Why companies use attributable profit

The reason companies do this is to make their financial reports more accurate. If they have a project that takes five years, they don’t want to show zero profit for four years and then a giant chunk of profit in the fifth year. That wouldn’t give an accurate picture of how the company is doing.

Instead, they attribute some of the profit to each year, based on how much of the project they completed. This helps smooth out their profit over time. It gives a clearer sense of the company’s ongoing performance.

How to calculate attributable profit

Calculating attributable profit can get kind of tricky. You have to make some educated guesses. Here are the basic steps:

Step 1: Estimate the total profit

First, the company has to estimate how much total profit they think they’ll make on the entire project. Let’s say they think they’ll make $1,000,000 in total.

Step 2: Determine the completion percentage

Next, they have to figure out what percentage of the project they’ve completed so far. Maybe they’ve done 60% of the total work.

Step 3: Calculate the attributable profit

Now, they multiply the total estimated profit by the completion percentage. So in this example, it would be:

$1,000,000 x 60% = $600,000

That means the attributable profit so far is $600,000.

Step 4: Subtract estimated remaining costs

But wait, we’re not done yet! The company still has to estimate how much it will cost them to finish the rest of the project. Let’s say they think it will cost another $300,000.

They subtract that from the attributable profit:

$600,000 – $300,000 = $300,000

So the final attributable profit is $300,000. That’s the amount they can put on their financial statements for this year.

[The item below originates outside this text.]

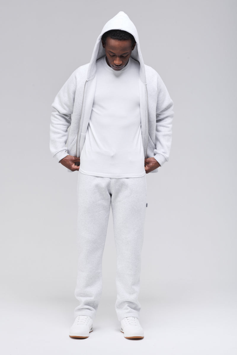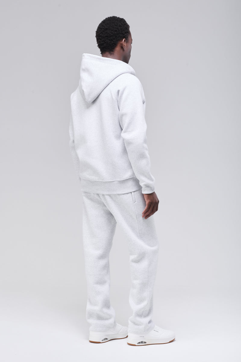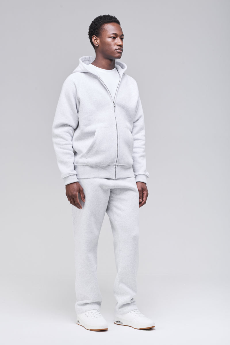 A classic, straight fit zip hoodie in a classic heather grey colorway. Made with a heavyweight cotton blend that fits clean and feels easy.

The risks of attributable profit

Using attributable profit has some risks. Remember, it’s based on estimates and educated guesses. If those estimates are way off, it can cause problems.

Overestimating profit

One risk is that the company might overestimate how much total profit they’ll make on the project. Maybe they thought they’d make $1,000,000 but they only end up making $800,000.

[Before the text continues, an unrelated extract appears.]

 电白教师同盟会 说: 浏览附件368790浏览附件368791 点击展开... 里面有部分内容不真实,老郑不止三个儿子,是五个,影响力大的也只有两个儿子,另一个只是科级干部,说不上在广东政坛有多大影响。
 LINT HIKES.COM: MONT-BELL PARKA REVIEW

If they’ve already attributed too much profit to previous years, they might end up having to show a loss later on. That can make their financial statements look really inconsistent.

Underestimating costs

Another risk is underestimating the remaining costs. If the company thinks it will only cost $300,000 to finish the project but it actually costs $500,000, that cuts into their profit.

They might have already reported a higher attributable profit than they should have. Then they have to go back and adjust their numbers later.

Why attributable profit matters

Despite the risks, attributable profit is an important concept in accounting. It helps companies give a more accurate picture of their financial performance, especially for long-term projects.

Better financial reporting

Without attributable profit, companies with long projects would have really erratic-looking financial statements. They might show no profit at all for several years, then a huge spike in profit when the project is done.

That doesn’t really reflect how the company is doing on an ongoing basis. Attributable profit helps smooth that out and give a clearer picture.

Improved decision making

Attributable profit can also help companies make better decisions. By seeing how much profit they’re earning on a project as they go along, they can spot problems earlier.

If the attributable profit is lower than they expected, it might be a sign that the project is going over budget or taking longer than planned. They can then make adjustments before things get too far off track.

Increased transparency

Using attributable profit can also make a company’s financial reporting more transparent. It shows that they’re not just waiting until a project is completely done to recognize the profit.

Instead, they’re giving a more real-time view of their financial performance. This can be reassuring to investors and lenders.

The role of accounting standards

Accounting standards play a big role in how companies calculate and report attributable profit. Different countries and industries may have their own specific rules.

International Financial Reporting Standards (IFRS)

Many countries use IFRS as their accounting standards. IFRS has specific rules for how to recognize revenue and profit on long-term contracts.

Under IFRS, companies generally use the “percentage of completion” method for attributable profit. That’s where they recognize profit based on how much of the project is done, which is what we’ve been talking about.

Generally Accepted Accounting Principles (GAAP)

In the United States, companies follow GAAP. GAAP also has rules for long-term contracts, but they’re a bit different from IFRS.

Under GAAP, companies can choose between the percentage of completion method and the “completed contract” method. With the completed contract method, they don’t recognize any profit until the project is entirely finished.

Industry-specific guidelines

Some industries, like construction or defense contracting, may have their own specific accounting guidelines. These often provide even more detailed rules for how to calculate attributable profit.

Companies have to make sure they’re following the right standards for their situation. Getting it wrong can lead to financial restatements and even legal problems.